A Procuradoria Federal dos Direitos do Cidadão (PFDC), órgão do Ministério Público Federal, quer que a Confederação Brasileira de Futebol (CBF) e o Conselho Nacional dos Esportes (CNE) adotem providências para o enfrentamento e a prevenção a práticas de homofobia e transfobia em campeonatos de futebol e demais competições esportivas nacionais.

Em ofício encaminhado nesta quinta-feira (30) à presidência das duas instituições, a Procuradoria solicita que os órgãos adequem seus atos normativos à recente decisão do Supremo Tribunal Federal que equiparou a prática de homofobia ao crime de racismo.
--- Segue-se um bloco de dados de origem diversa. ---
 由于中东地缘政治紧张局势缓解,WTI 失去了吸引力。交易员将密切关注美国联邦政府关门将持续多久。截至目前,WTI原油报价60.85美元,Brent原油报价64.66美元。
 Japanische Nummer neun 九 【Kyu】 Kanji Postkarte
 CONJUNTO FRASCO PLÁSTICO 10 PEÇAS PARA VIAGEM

A decisão é de junho de 2019 e tornou crime inafiançável e imprescritível práticas que envolvam ofensas e outras formas de discriminação a gays e pessoas transgêneras.

Além da adequação de seus regramentos e normativas, a PFDC também pede à Confederação Brasileira de Futebol que promova campanhas de conscientização, enfrentamento e prevenção às práticas de homofobia e transfobia nos estádios de futebol, alertando sobre as consequências desses atos.
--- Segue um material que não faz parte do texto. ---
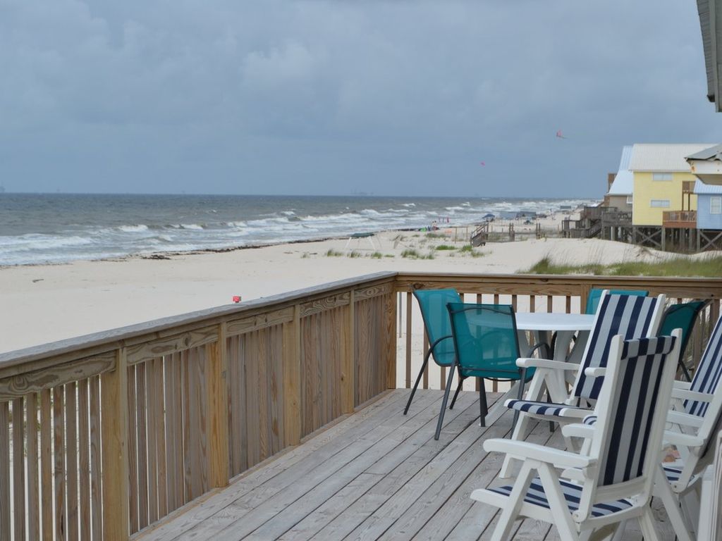 This completely remodeled cottage, is bright and airy with a view from every room. The home features four Bedrooms, and 2 1/2 Baths plus an outside enclosed shower and dressing area. The Living/Dining kitchen combo is great for large groups and there is an additional den. With two sleep sofas, the house will accommodate up to 12 people. The large Farmhouse dining table will seat nine and the kitchen island has 3 bar stools. There is also a dining table on the deck, for additional dining. The house has large deck on the street/bay side and a deck the length of the house on the beach side. Just a few steps and you are on the beautiful beaches of the Gulf of Mexico.
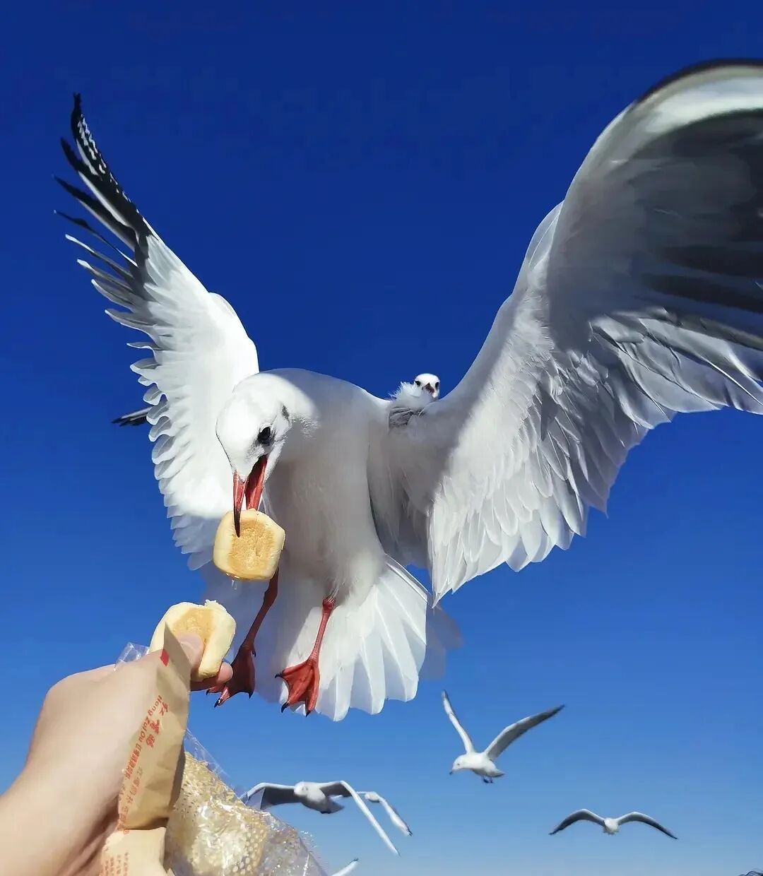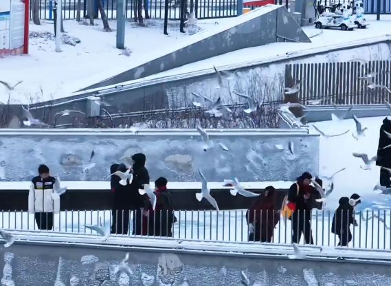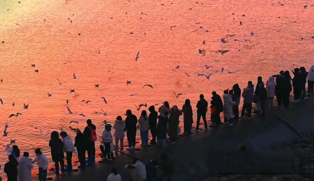 观海平台上,众多游客手持面包碎屑轻抛空中,海鸥精准俯冲叼食,清脆鸣叫与欢声笑语交织成趣。
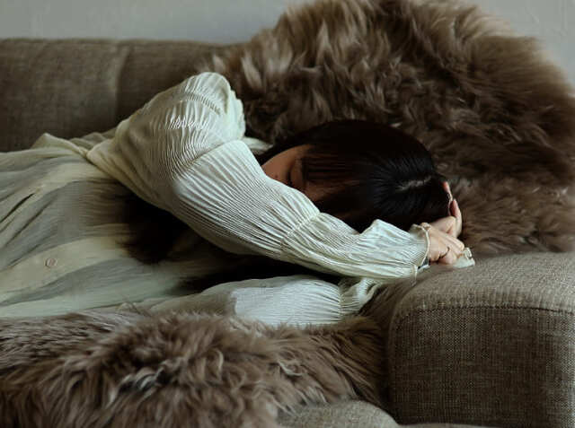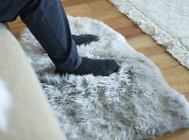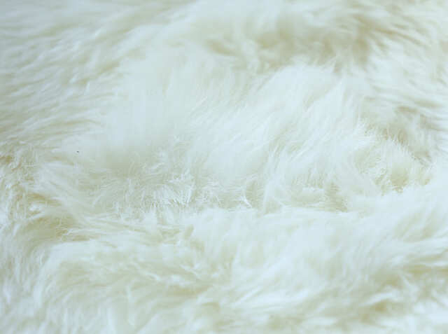 毛足は約10cmと長めのムートンに手をつくと指先が埋もれて下地が見えないほど。
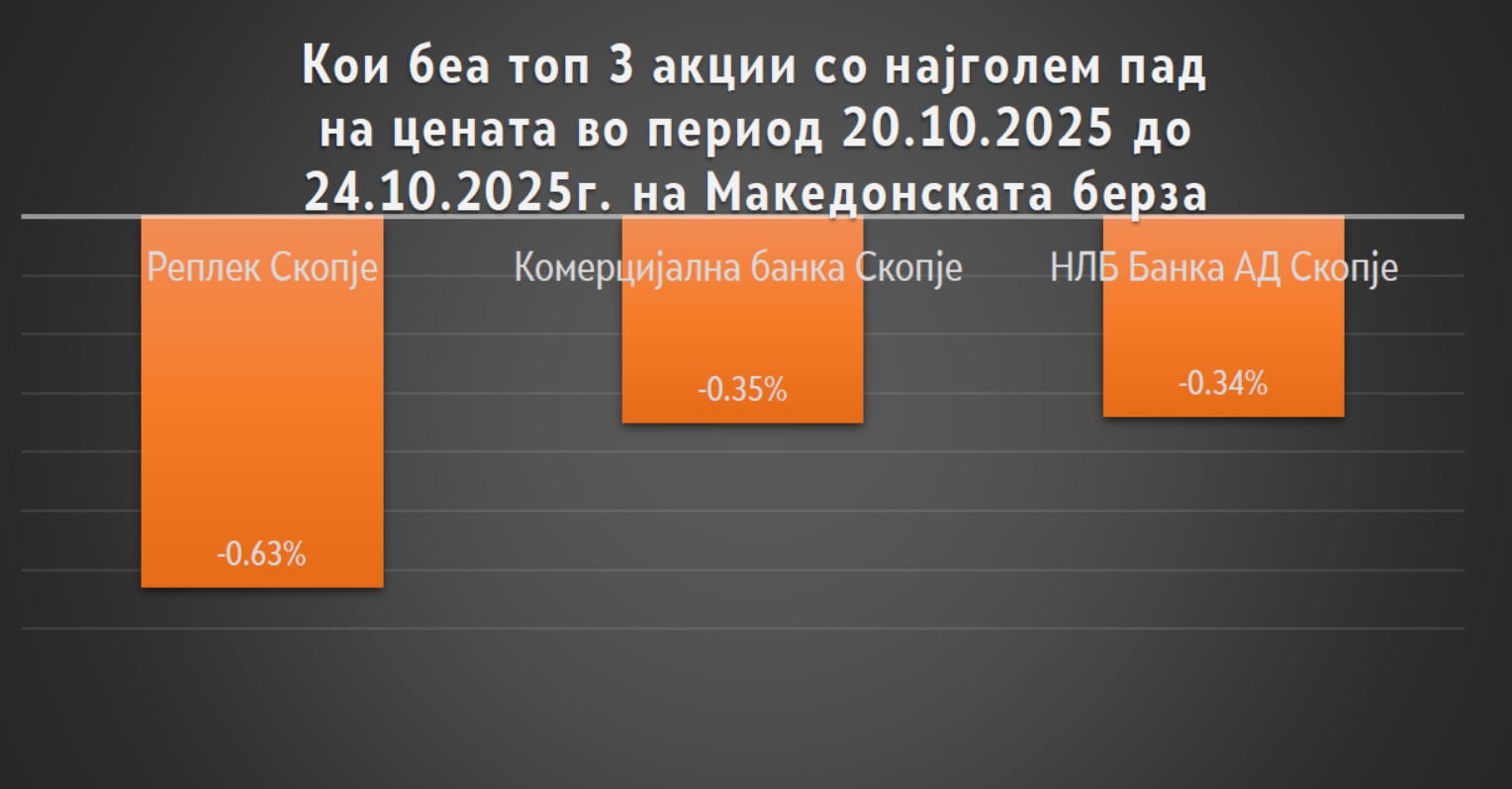 Намалување на вредноста изминатата недела бележиме кај акциите на Реплек Скопје, Комерцијална банка Скопје и НЛБ Банка АД Скопје. Цената на нивните акции се намали за 0,63 %, 0,35 % и 0,34 %, соодветно.

Já ao Conselho Nacional dos Esportes, a Procuradoria solicitou que o debate sobre a necessidade de políticas de prevenção e enfrentamento à homotransfobia sejam aprofundadas no âmbito do Plano Nacional do Desporto, que atualmente tramita no Congresso Nacional e para o qual o CNE tem a atribuição de oferecer subsídios técnicos.

No documento aos dois órgãos, a Procuradoria Federal dos Direitos do Cidadão destaca que o Estatuto do Torcedor (Lei 10.671/2003) estabelece que a prevenção da violência nos esportes é de responsabilidade do poder público, das confederações, federações, ligas, clubes, associações ou entidades esportivas, entidades recreativas e associações de torcedores – inclusive de seus respectivos dirigentes, bem como daqueles que, de qualquer forma, promovem, organizam, coordenam ou participam dos eventos esportivos.

A PFDC ressalta que o próprio Estatuto do Torcedor prevê, em seu artigo 13-A, que no recinto esportivo não devem ser entoados cânticos discriminatórios, racistas ou xenófobos, e que não deve haver incitação ou práticas de atos de violência nos estádios, qualquer que seja a sua natureza.

Penalidades a atos discriminatórios

O Código Brasileiro de Justiça Desportiva dispõe sobre uma série de penalidades a quem praticar ato discriminatório, desdenhoso ou ultrajante relacionado a preconceito em razão de origem étnica, raça, sexo, cor, idade, condição de pessoa idosa ou portadora de deficiência. As penalidades às transgressões relativas à disciplina e às competições desportivas também estão estabelecidas na Lei Geral do Desporto e vão desde advertência, à exclusão de campeonato ou torneio, perda de pontos e perda de renda da partida.

No ofício à CBF, a Procuradoria Federal dos Direitos do Cidadão destaca que o Regulamento Geral de Competições da Confederação prevê que as “competições nacionais oficiais do futebol brasileiro exigem de todos os intervenientes colaborar de forma a prevenir comportamentos antidesportivos, bem como violência, dopagem, corrupção, manifestações político-religiosas, racismo, xenofobia ou qualquer outra forma de discriminação.

O órgão do Ministério Público Federal ressalta, ainda, que o art. 13 do Código Disciplinar da Federação Internacional de Futebol (FIFA) traz punições para atos de discriminação praticados em razão de sexo, gênero ou orientação sexual, inclusive punição do clube de futebol por atos de sua torcida.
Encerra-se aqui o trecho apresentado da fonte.